Nothing but the lines from the one containing "Vendo intero mobile" to the end of the data should be copied, exactly, and the pictures stay out.

◆ Stored entries ◆
┏━━

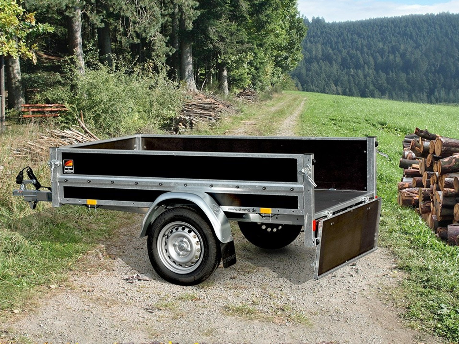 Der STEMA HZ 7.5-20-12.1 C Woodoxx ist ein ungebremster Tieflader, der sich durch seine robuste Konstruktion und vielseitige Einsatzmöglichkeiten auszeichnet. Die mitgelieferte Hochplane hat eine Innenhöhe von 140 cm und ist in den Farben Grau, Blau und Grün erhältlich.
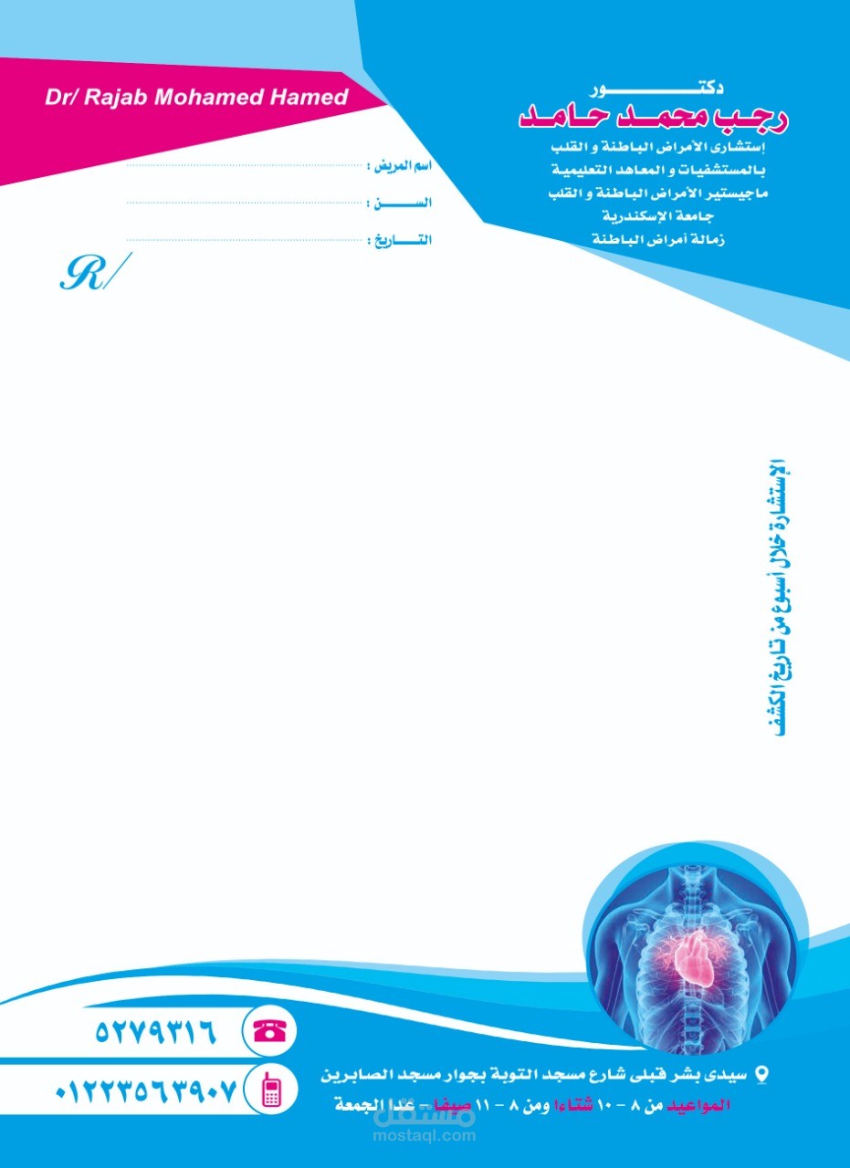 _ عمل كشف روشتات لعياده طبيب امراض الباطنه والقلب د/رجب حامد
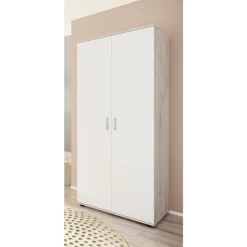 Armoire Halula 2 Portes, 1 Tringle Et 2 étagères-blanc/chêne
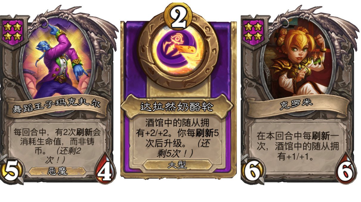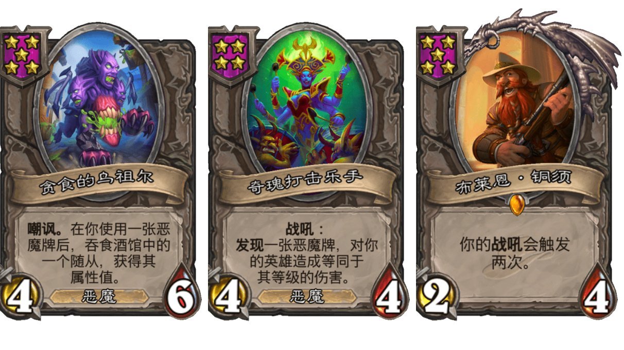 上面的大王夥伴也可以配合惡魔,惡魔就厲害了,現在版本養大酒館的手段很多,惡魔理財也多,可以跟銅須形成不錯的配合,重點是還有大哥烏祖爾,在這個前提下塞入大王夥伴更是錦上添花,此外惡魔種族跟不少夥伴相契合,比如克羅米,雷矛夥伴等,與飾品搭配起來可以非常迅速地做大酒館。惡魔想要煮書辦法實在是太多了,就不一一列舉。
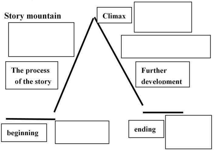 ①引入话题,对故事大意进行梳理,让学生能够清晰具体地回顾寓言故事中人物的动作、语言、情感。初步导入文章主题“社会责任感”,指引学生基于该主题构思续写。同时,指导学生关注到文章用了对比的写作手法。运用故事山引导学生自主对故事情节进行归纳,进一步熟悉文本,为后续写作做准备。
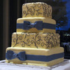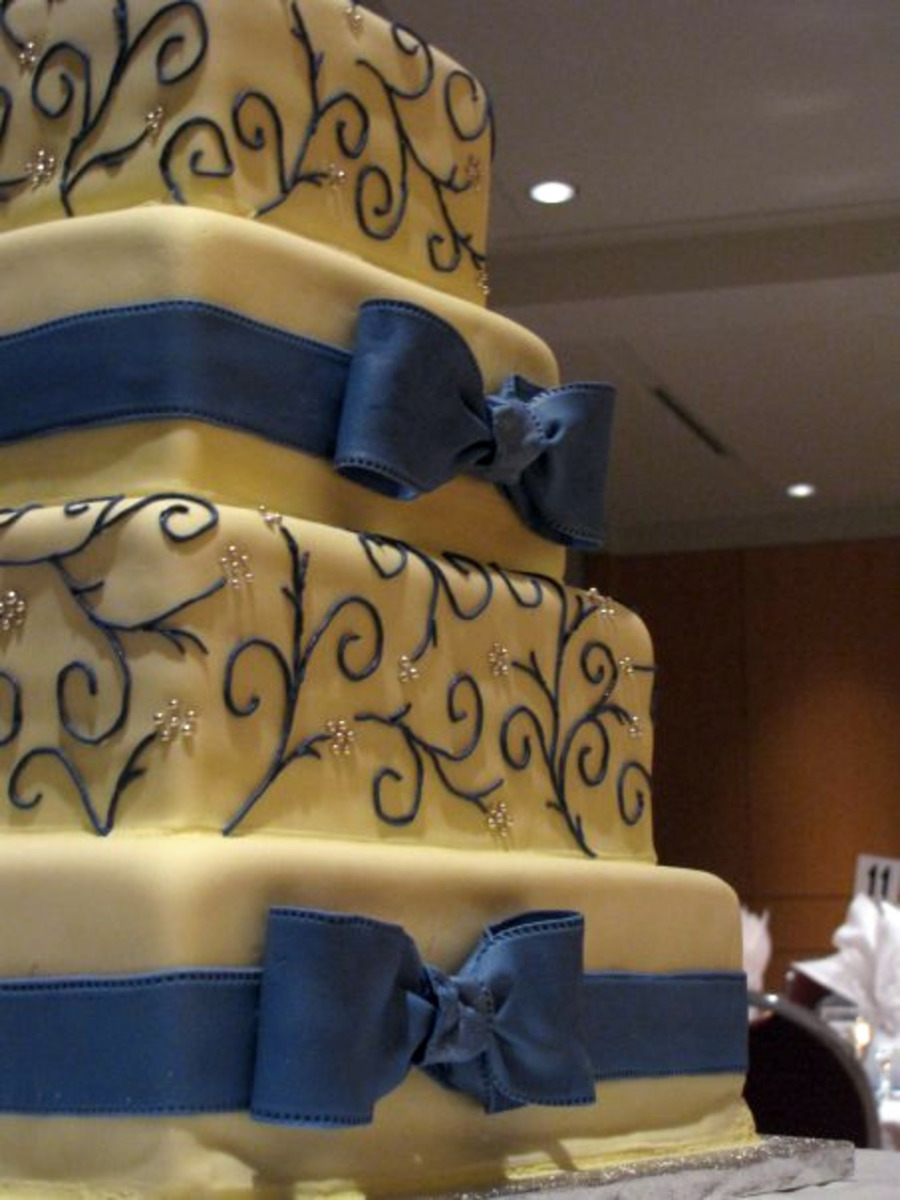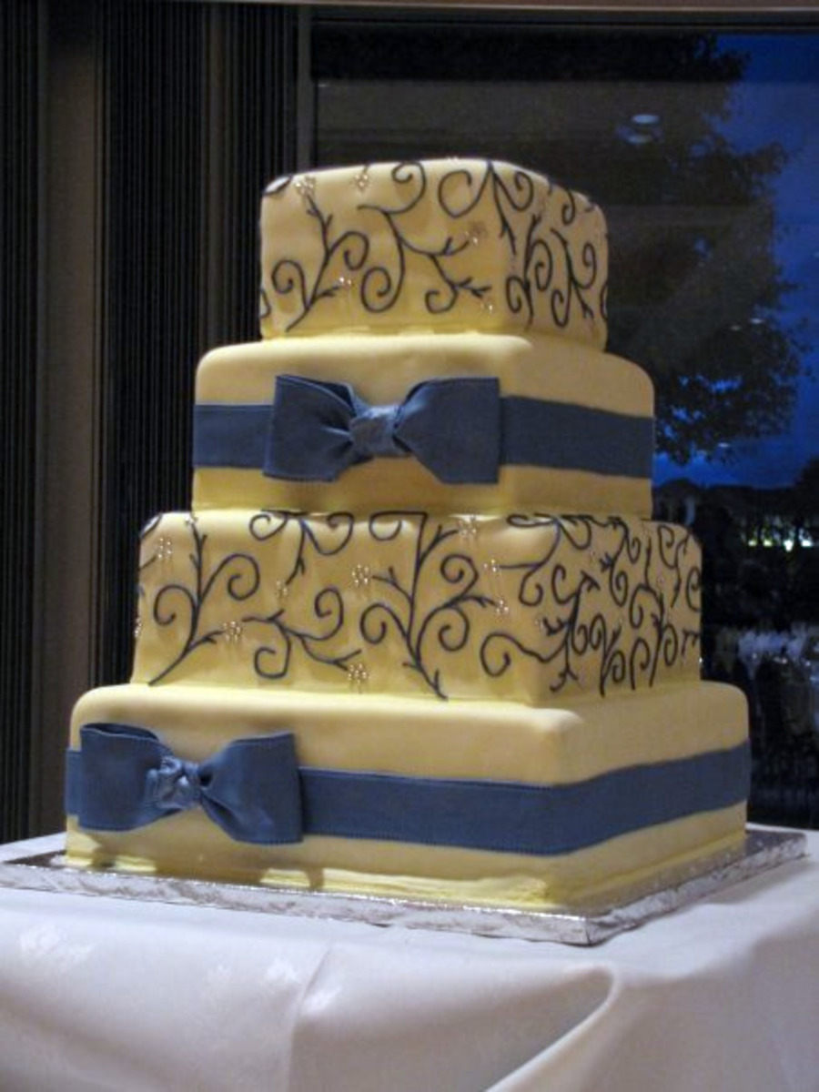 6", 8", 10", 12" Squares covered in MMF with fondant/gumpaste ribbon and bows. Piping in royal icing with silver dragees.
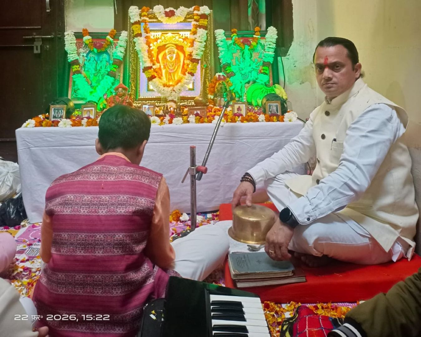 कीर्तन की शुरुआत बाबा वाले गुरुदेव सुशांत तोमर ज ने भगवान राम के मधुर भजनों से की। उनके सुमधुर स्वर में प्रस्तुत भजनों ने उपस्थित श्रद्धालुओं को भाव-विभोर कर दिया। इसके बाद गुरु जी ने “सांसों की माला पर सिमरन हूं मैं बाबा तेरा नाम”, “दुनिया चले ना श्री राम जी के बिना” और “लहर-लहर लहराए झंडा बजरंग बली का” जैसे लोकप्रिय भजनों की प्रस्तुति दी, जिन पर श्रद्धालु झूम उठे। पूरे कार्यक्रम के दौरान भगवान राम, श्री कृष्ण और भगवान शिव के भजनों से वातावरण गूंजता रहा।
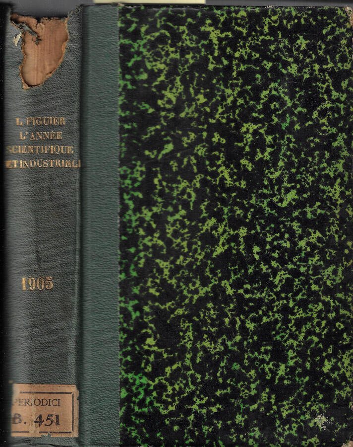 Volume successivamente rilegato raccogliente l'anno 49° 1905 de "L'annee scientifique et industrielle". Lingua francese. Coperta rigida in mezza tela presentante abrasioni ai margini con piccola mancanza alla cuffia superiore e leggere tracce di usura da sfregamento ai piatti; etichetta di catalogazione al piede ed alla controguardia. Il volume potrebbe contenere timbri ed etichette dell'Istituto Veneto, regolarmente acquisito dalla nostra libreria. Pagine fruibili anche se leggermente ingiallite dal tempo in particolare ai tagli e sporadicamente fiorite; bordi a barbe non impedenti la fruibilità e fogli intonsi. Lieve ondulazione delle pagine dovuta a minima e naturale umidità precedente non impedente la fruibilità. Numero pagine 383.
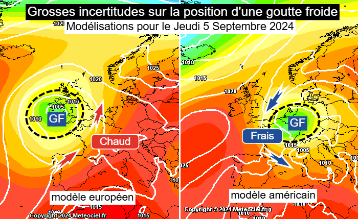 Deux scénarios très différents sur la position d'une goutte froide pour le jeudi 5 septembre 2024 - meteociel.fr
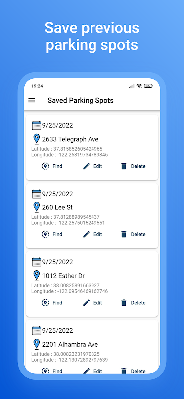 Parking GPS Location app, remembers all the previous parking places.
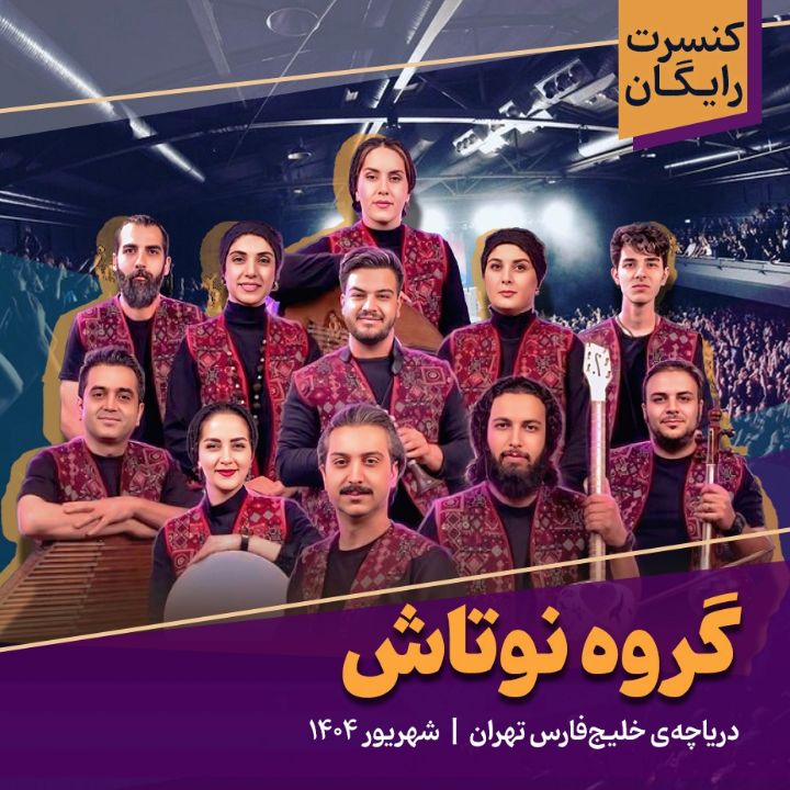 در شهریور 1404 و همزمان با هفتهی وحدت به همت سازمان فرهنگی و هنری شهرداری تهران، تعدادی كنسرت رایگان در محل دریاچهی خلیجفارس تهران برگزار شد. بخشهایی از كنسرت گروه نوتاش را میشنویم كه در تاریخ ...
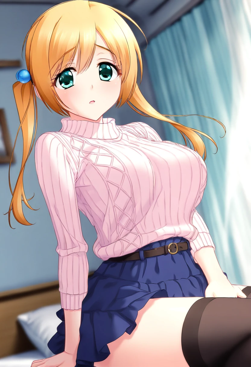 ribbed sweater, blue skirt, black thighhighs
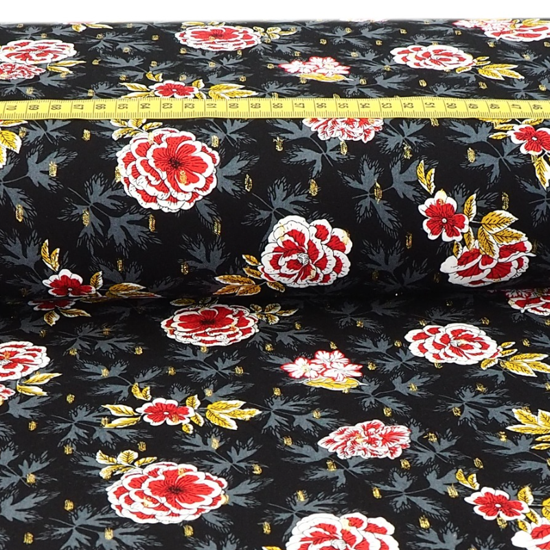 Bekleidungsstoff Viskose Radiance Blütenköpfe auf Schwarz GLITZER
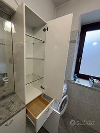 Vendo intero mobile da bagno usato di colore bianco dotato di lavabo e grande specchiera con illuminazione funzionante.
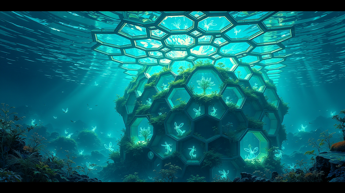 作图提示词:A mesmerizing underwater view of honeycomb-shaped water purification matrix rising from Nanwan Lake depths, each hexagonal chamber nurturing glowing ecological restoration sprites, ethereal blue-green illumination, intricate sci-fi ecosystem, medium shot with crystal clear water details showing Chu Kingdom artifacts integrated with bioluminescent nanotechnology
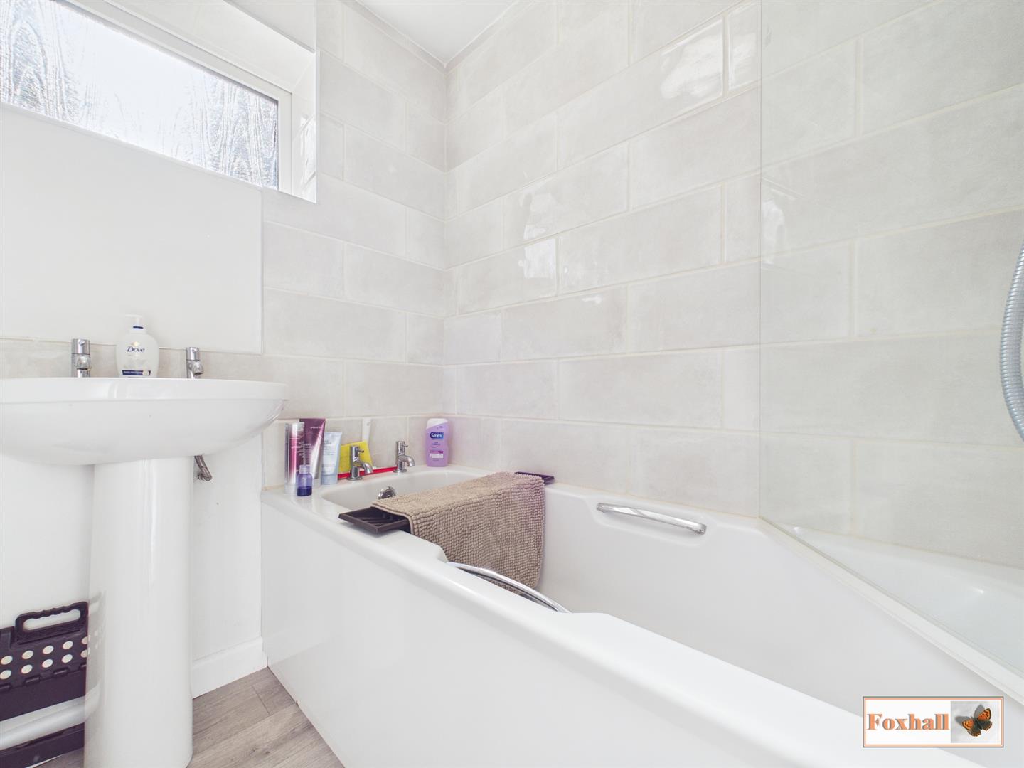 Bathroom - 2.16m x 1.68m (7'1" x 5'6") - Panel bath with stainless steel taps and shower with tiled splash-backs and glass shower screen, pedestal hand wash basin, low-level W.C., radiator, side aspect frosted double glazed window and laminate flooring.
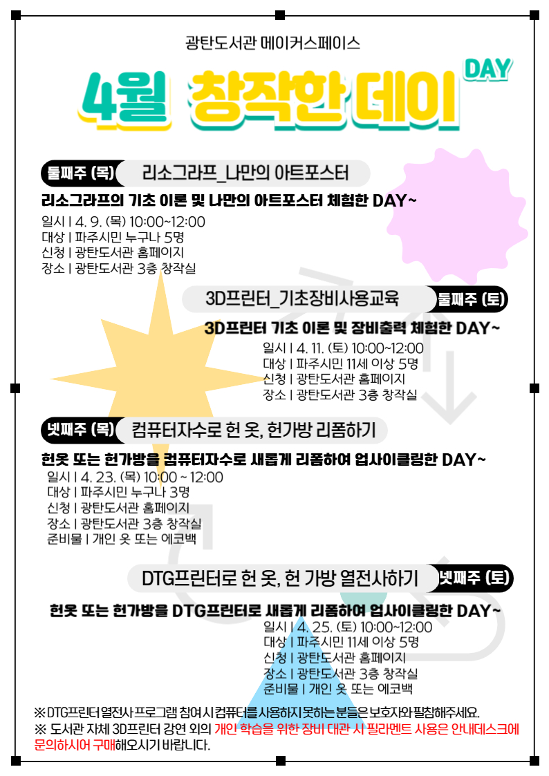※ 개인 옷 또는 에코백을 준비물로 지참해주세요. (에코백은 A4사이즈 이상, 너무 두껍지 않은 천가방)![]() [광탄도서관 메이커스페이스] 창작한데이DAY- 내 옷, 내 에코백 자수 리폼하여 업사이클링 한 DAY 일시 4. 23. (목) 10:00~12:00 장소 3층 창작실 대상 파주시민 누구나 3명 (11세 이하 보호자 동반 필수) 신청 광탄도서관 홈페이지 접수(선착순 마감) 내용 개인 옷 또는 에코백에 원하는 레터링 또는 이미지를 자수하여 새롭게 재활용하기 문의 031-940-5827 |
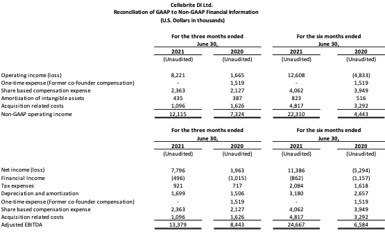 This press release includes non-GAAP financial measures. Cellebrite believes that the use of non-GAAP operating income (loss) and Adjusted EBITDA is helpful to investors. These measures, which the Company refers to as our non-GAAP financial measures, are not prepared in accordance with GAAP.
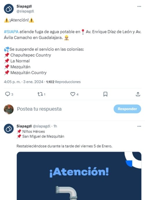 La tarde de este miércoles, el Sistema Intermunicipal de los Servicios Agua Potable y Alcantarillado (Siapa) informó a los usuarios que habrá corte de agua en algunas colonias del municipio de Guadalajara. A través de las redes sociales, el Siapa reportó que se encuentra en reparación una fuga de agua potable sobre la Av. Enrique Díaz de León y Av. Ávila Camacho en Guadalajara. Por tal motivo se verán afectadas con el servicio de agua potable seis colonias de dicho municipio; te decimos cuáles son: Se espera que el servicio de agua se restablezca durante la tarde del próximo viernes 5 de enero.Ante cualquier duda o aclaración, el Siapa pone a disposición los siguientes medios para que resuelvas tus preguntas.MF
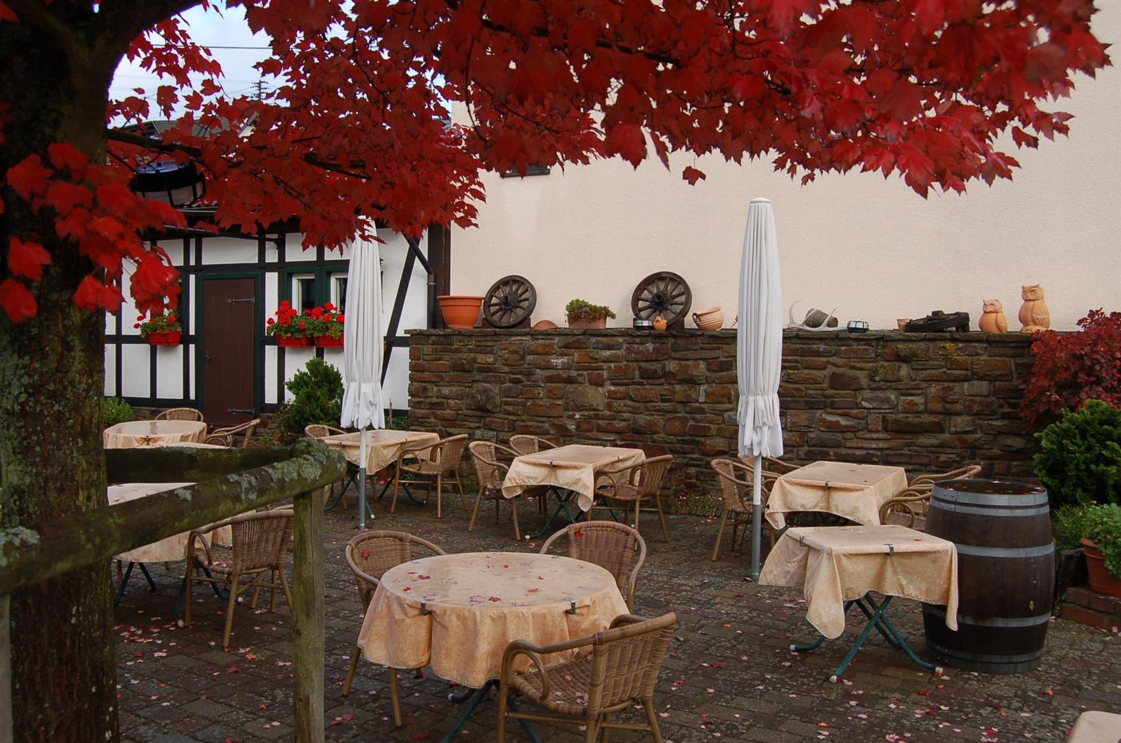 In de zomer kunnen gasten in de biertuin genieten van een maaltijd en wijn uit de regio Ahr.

┗━━

◆ OUTPUT FOR THIS TASK ◆
 Vendo intero mobile da bagno usato di colore bianco dotato di lavabo e grande specchiera con illuminazione funzionante.
 作图提示词:A mesmerizing underwater view of honeycomb-shaped water purification matrix rising from Nanwan Lake depths, each hexagonal chamber nurturing glowing ecological restoration sprites, ethereal blue-green illumination, intricate sci-fi ecosystem, medium shot with crystal clear water details showing Chu Kingdom artifacts integrated with bioluminescent nanotechnology
 Bathroom - 2.16m x 1.68m (7'1" x 5'6") - Panel bath with stainless steel taps and shower with tiled splash-backs and glass shower screen, pedestal hand wash basin, low-level W.C., radiator, side aspect frosted double glazed window and laminate flooring.
※ 개인 옷 또는 에코백을 준비물로 지참해주세요. (에코백은 A4사이즈 이상, 너무 두껍지 않은 천가방)![]() [광탄도서관 메이커스페이스] 창작한데이DAY- 내 옷, 내 에코백 자수 리폼하여 업사이클링 한 DAY 일시 4. 23. (목) 10:00~12:00 장소 3층 창작실 대상 파주시민 누구나 3명 (11세 이하 보호자 동반 필수) 신청 광탄도서관 홈페이지 접수(선착순 마감) 내용 개인 옷 또는 에코백에 원하는 레터링 또는 이미지를 자수하여 새롭게 재활용하기 문의 031-940-5827 |
 This press release includes non-GAAP financial measures. Cellebrite believes that the use of non-GAAP operating income (loss) and Adjusted EBITDA is helpful to investors. These measures, which the Company refers to as our non-GAAP financial measures, are not prepared in accordance with GAAP.
 La tarde de este miércoles, el Sistema Intermunicipal de los Servicios Agua Potable y Alcantarillado (Siapa) informó a los usuarios que habrá corte de agua en algunas colonias del municipio de Guadalajara. A través de las redes sociales, el Siapa reportó que se encuentra en reparación una fuga de agua potable sobre la Av. Enrique Díaz de León y Av. Ávila Camacho en Guadalajara. Por tal motivo se verán afectadas con el servicio de agua potable seis colonias de dicho municipio; te decimos cuáles son: Se espera que el servicio de agua se restablezca durante la tarde del próximo viernes 5 de enero.Ante cualquier duda o aclaración, el Siapa pone a disposición los siguientes medios para que resuelvas tus preguntas.MF
 In de zomer kunnen gasten in de biertuin genieten van een maaltijd en wijn uit de regio Ahr.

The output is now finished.